Over the past decade, there’s been an explosion of tiny networked devices that manage a variety of health maladies, from regulating the beating of the human heart to controlling serious diabetic conditions. Allowing the devices to connect wirelessly to computers or other devices saves money and can eliminate the number of invasive surgeries needed to keep them in working order. But it also comes with a catch: researchers have devised proof-of-concept hacks that can disable or sabotage electronic pacemakers or deliver fatal insulin dosages over the air. In the case of wearable devices, it’s crucial that they also authenticate the identity of the person who’s using it. “Reliably interpreting data from a body-worn sensor often requires information about who is wearing the sensor as well as the current person’s environment, location, current activity, and social context,” the authors of the Usenix paper wrote. “Techniques exist for collecting some of this information, but today’s body-worn sensors lack the ability to reliably determine who is wearing the device.”

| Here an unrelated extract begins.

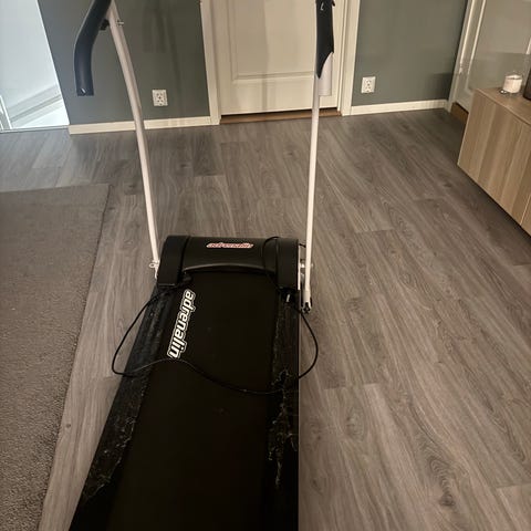Pro-Form 480 CX tredemølle i svart. Elektrisk tredemølle med konsoll foran løpebåndet og sammenleggbar konstruksjon for enklere oppbevaring. Egnet til innendørs gange og lett til moderat løpetrening. Den kubbet nylig og vil ikke på.

They proposed a device that’s worn on the wrist like a watch or piece of jewelry. It could automatically and securely connect to peripheral devices that are placed in a pocket, ingested, or implanted. “That is, without any other action on the part of the users, the devices discover each other’s presence, recognize that they are on the same body (and transitively learn from the wrist device whose body), develop shared secrets from which to derive encryption keys, and establish reliable and secure communications.” The wearable device passively recognizes the patient using something called bioimpedance, which is a measure of how the body’s tissues respond to a small electrical shock applied to the skin. In theory, each person’s reaction is unique, although experiments conducted by the researchers were effective at accurately recognizing people in a household only 90 percent of the time. The devices are designed to provide strong authentication without requiring users to enter long passwords into a tiny interface or carry out other onerous tasks.

In addition to preventing serious hack attacks, the passive authentication system is intended to address other problematic scenarios—two people in the same household accidentally using the wrong device, for example, or a smoker who places his “smoking sensor” on a non-smoking friend to receive incentives for quitting. The researchers who wrote the Usenix paper include Cory Cornelius, Jacob Sorber, Ronald Peterson, Joe Skinner, Ryan Halter, and David Kotz. All six are in Dartmouth College’s Department of Computer Science, Thayer School of Engineering, or Geisel School of Medicine. The act of connecting millions of patients to networked devices that are susceptible to remote hack attacks may sound like science fiction, but it’s already here. It’s good to know that scientists are researching ways to prevent tampering with them, but it’s important to remember that the biometric authentication they’re considering comes with its own vulnerabilities.

The ease of cloning fingerprints and recently unveiled research into tricking eye scanners using reverse engineered irises should serve as cautionary reminders that the techniques described in the most recent papers are almost certainly not foolproof. Networked devices that are worn by or implanted in patients solve a lot of pressing problems, but unless engineers are careful, they may raise a batch of new threats that are the stuff of a Dystopia too bleak to contemplate.